While the digital learning coaches at each school building were familiar with Google Classroom, and it had been introduced to some of the grade levels last year, it was now the software program of choice districtwide. Teachers were trained to use the digital tool, along with other video devices and it became a common hub of learning in the new virtual world for Wayne County School students. Administrators chose the popular program because it is so user-friendly for students and parents, alike.
“It lends itself to be used across grade levels,” noted Beck. “All of the students’ lessons for the day are linked inside Google Classroom. It’s like a one stop shop.”
“This was a learning curve for everyone,” said Beck. “We pushed out tutorials for parents that the teachers created” to help transition to remote learning.
Walker teachers sent home manipulatives (marker boards, magnetic letters, alphabet charts) to their students, as well as paper lessons to students who had trouble accessing the internet. On Fridays, they did student assessments by appointments, plus they offered sessions for parents who needed help learning to navigate Google Classroom.
Kindergarten Teachers Emily Upchurch and DeShay Dishman had been on the forefront of video production at their school. Now, other teachers have joined in and students are benefitting from videos produced by teams of teachers at Walker, as the work load is shifting and the learning curve is getting easier for the instructors.

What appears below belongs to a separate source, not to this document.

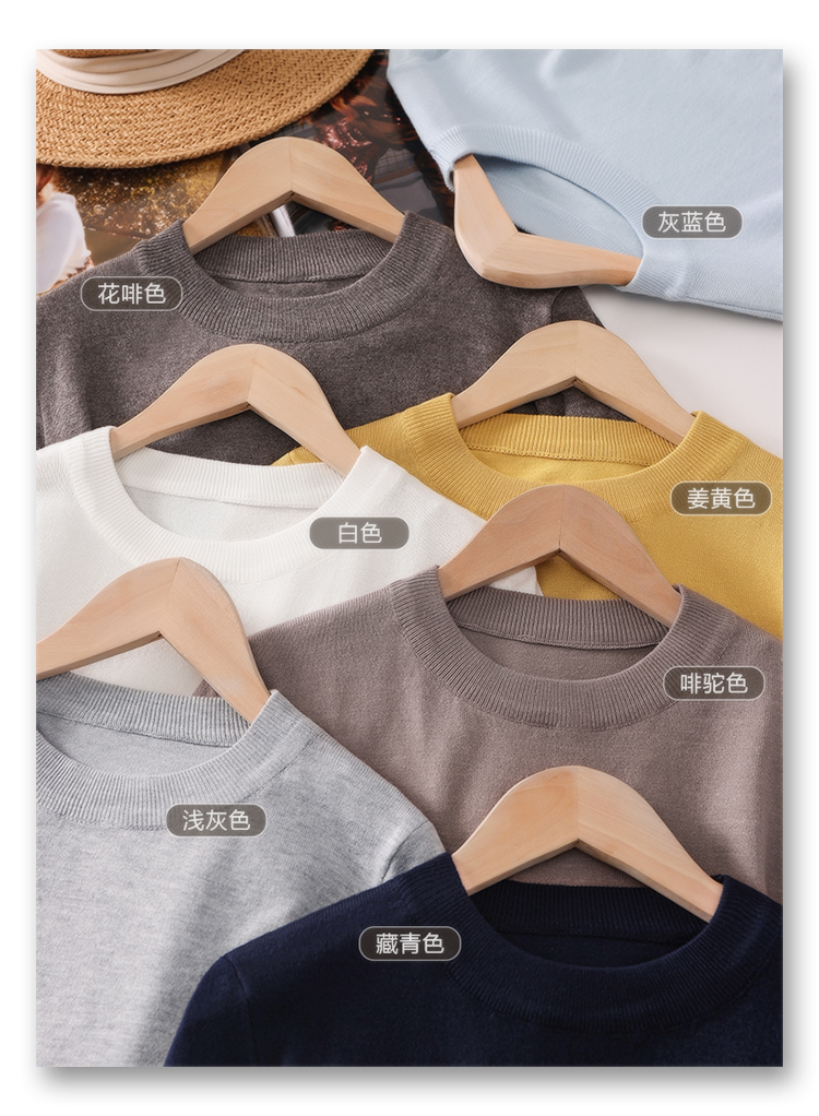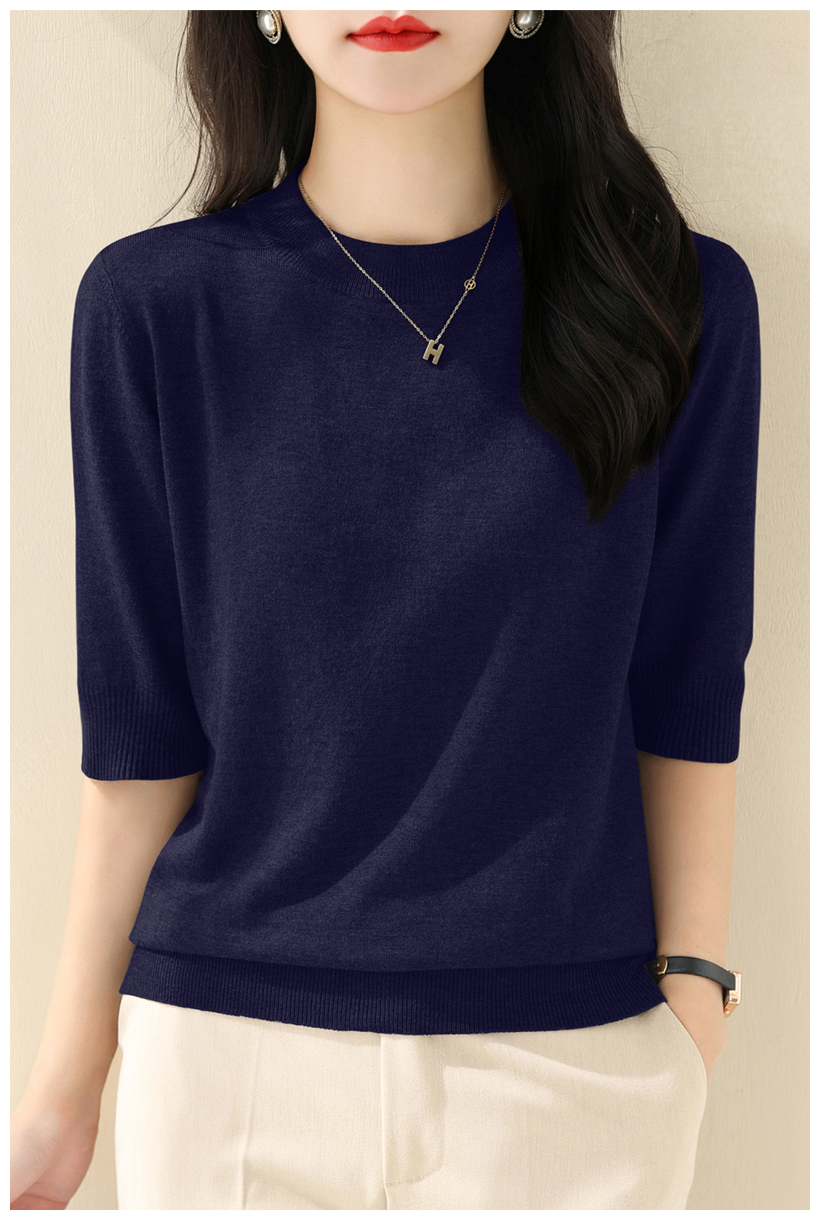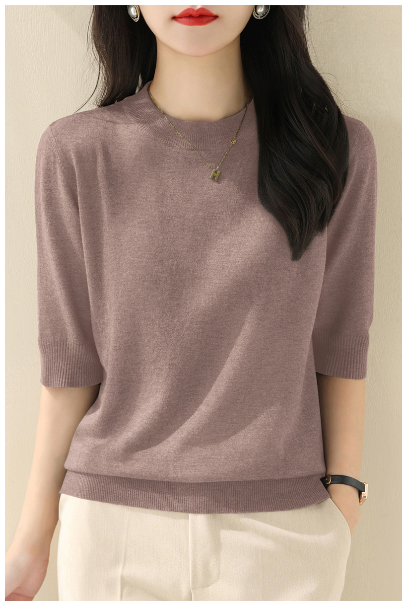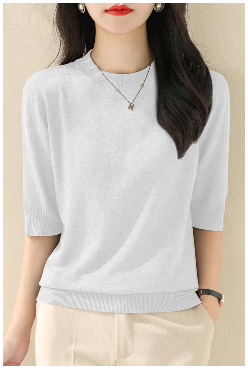 春季新款圓領五分袖針織衫女純色套頭寬松顯瘦上衣韓版簡約打底衫

Just recently, the rotating AB schedule brought some of the students back to school. So now teachers are juggling virtual and in-person instruction. With only one week into the latest schedule, teachers are doing a remarkable job monitoring students both at home and in-person, simultaneously.
“Our virtual learning has involved students watching pre-recorded lessons on Google Classroom. We met with our students daily on zoom in small groups (with five to eight children). On Monday and Wednesday Reading groups meet while Tuesday and Thursday Math groups work together. Fridays are set aside for review days and assessments. Students do make-up work, watch more pre-recorded videos, and we reach out to them if they are missing work,” explained Kindergarten Teacher DeShay Dishman.
Now, the table has turned and Dishman has a total of 20 in-person students that are split into two days and six virtual students. She is still posting videos online for her virtual students, while also meeting the needs of the children attending school two days a week Monday through Thursday.
“We post our lessons by 8 a.m. each morning. Our kids see us teaching live lessons,” said Dishman.
The students are benefitting from curriculum specific programs the teachers are well versed in at the elementary level like: Reading Horizon, Core Knowledge Language Arts (known as CKLA), and Engaged New York Math. The curriculum gives them a pacing guide for them to follow so they know what to be teaching. The pre-recorded videos of lessons last no longer than 15 minutes to keep their students’ attention.
“We try to make it fun and interactive….we can’t be too serious,” said Dishman.
She even has a joke of the day for her students. For example, “What’s orange and sounds like a parrot? (Answer) “A carrot,” which she used when they were talking about rhyming words. “Parents have sent me a message that they have enjoyed my joke of the day,” laughed Dishman.
She and fellow kindergarten teachers start their day online with calendar time. She delivers a morning message, the calendar, the month where they sing and dance, seasons, weather, money poems, review sight words/letters/two letter slides, and sorting activities.
“It’s a lot of information for a kindergartner,” she admitted.
She uses a Reading Horizons lesson for a letter they’ve learned, accompanied by a two letter consonant/vowel slide. She even has letters cut out that they sound out together that she pushes down a laminated paper slide to demonstrate saying the sound quickly. When they master the slide the next step is to add an ending sound to make a word.
“We want our students to succeed,’ said Dishman. “We strive to make sure they get what they need.”
Granted, in-person learning is the preferred method of instruction because children need the interaction with their peers and teacher. “They have been so excited to see each other on our zoom meetings,” added Dishman.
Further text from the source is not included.